# New, funky *ping* sound



## JMBF831 (Aug 13, 2015)

Has anyone else been blessed to hear the new Ping notification, or am I the only one haha

No more alarm-sounding beep death countdown for me.


----------



## Amsoil Uber Connect (Jan 14, 2015)

Good, no more flash backs to my past life of living on a Submarine.


----------



## Dontmakemepullauonyou (Oct 13, 2015)

JMBF831 said:


> Has anyone else been blessed to hear the new Ping notification, or am I the only one haha
> 
> No more alarm-sounding beep death countdown for me.


Really what's it sound like? Does it come with the new redesigned app?


----------



## JMBF831 (Aug 13, 2015)

I don't have the new redesigned app yet, but the ping sounds like a video game type of noise lol 

It isn't as loud as the previous beep of death, but it is more pleasant sounding


----------



## Dontmakemepullauonyou (Oct 13, 2015)

JMBF831 said:


> I don't have the new redesigned app yet, but the ping sounds like a video game type of noise lol
> 
> It isn't as loud as the previous beep of death, but it is more pleasant sounding


Oh k. I usually don't hear the beeping cause I have my iPhone playing music so all it does it stop my music but when I have it set on radio, I hear the beep and it was annoying.
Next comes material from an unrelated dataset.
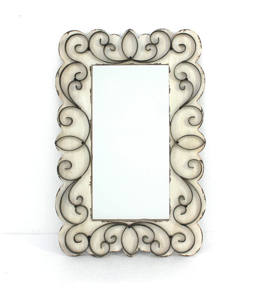 Espejo de pared decorativo vintage de madera y metal, color blanco, 32,75 x 21,75 x 1,25

I'm going out right now to check the new sounds as I just updated the app for the week. No new redesign app yet in my market but uber support after I escalated the ticket said my market is getting new app mid December.

Edit: quickest test ever as I just went online and before I put my shirt on got a ping and it's the old beeping so I just ACRO and back to playing call of duty BO3 lol


----------



## Horsebm (Jul 21, 2015)

JMBF831 said:


> Has anyone else been blessed to hear the new Ping notification, or am I the only one haha
> 
> No more alarm-sounding beep death countdown for me.


Yes, I am getting the new ping as well. It's very weak and much more difficult to hear. I also have the new redesigned app.


----------



## JMBF831 (Aug 13, 2015)

Horsebm said:


> Yes, I am getting the new ping as well. It's very weak and much more difficult to hear. I also have the new redesigned app.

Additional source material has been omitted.